Async queue growing without bound
Symptoms: The async queue size keeps increasing and requests are not being processed fast enough.
Cause: Requests are arriving faster than the deployment can process them.
Solutions:
- Increase max replicas to add more processing capacity.
- Increase concurrency target if your model can handle more concurrent requests.
- Lower target utilization to trigger scaling earlier.
Bill higher than expected
Symptoms: GPU costs are higher than anticipated, especially during low-traffic periods.
Solutions:
- Raise concurrency target to squeeze more throughput from each replica.
- Monitor p95 latency as you raise concurrency — if latency stays stable, keep raising; if it rises sharply, you’ve gone too far.
- Enable scale-to-zero (min replicas = 0) for intermittent workloads.
- Review your traffic patterns and adjust settings accordingly — see Traffic patterns.
Cold starts taking too long
Symptoms: First request after scale-from-zero takes several minutes. Logs show extended time in model loading or container initialization.
Causes:
- Large model weights (10s–100s of GB)
- Slow network downloads from model registries
- Heavy initialization code in
load() method
Solutions:
- Look for “streaming-enabled image” in logs — this confirms image streaming is active.
- Keep
min_replica ≥ 1 to avoid cold starts entirely.
- Pre-warm before expected traffic spikes using the autoscaling API.

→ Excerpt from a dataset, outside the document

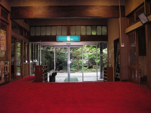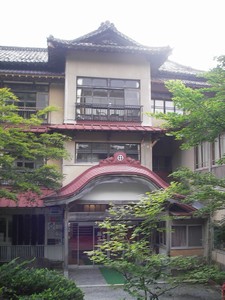 旅館正面玄関と玄関中より 自炊の部と旅館の部があります。

See Cold starts for detailed optimization strategies.
Development deployment won’t scale
Symptoms: Development deployment stays at 1 replica regardless of traffic. Can’t change autoscaling settings.
Cause: Development deployments have fixed autoscaling settings that cannot be modified. Max replicas is locked at 1.
Solution: Promote to a production deployment to enable full autoscaling. Development deployments are optimized for iteration with live reload, not traffic handling.
See Development deployments for the fixed settings.
Not sure which traffic pattern I have
Symptoms: Unsure how to configure autoscaling because traffic behavior is unclear.
Solution:
- Go to your model’s Metrics tab in the Baseten dashboard.
- Look at Inference volume and Replicas over the past week.
- Identify your pattern:
| You see… | Pattern | Key settings to adjust |
|---|
| Frequent small spikes returning to baseline | Noisy/jittery | Longer autoscaling window |
| Sharp jumps that stay high | Bursty | Short window, long delay, lower utilization |
| Long flat periods with occasional bursts | Batch/scheduled | Scale-to-zero, pre-warming |
| Gradual rises and falls | Smooth/steady | Higher utilization is safe |
See Traffic patterns for detailed recommendations.
Symptoms: Either unexpectedly high costs OR high latency despite having replicas available.
Diagnosis:
- Too low (common): Running many more replicas than needed. Default of 1 is conservative but expensive.
- Too high: Requests queue at replicas, causing latency even when replica count looks healthy.
Solutions:
- Benchmark your model to find actual throughput capacity.
- Use starting points by model type:
| Model type | Starting concurrency |
|---|
| Standard Truss | 1 |
| vLLM / LLM inference | 32–128 |
| Text embeddings (TEI) | 32 |
| Image generation (SDXL) | 1 |
- Gradually increase while monitoring p95 latency — stop when latency rises sharply.
See Concurrency target for full guidance.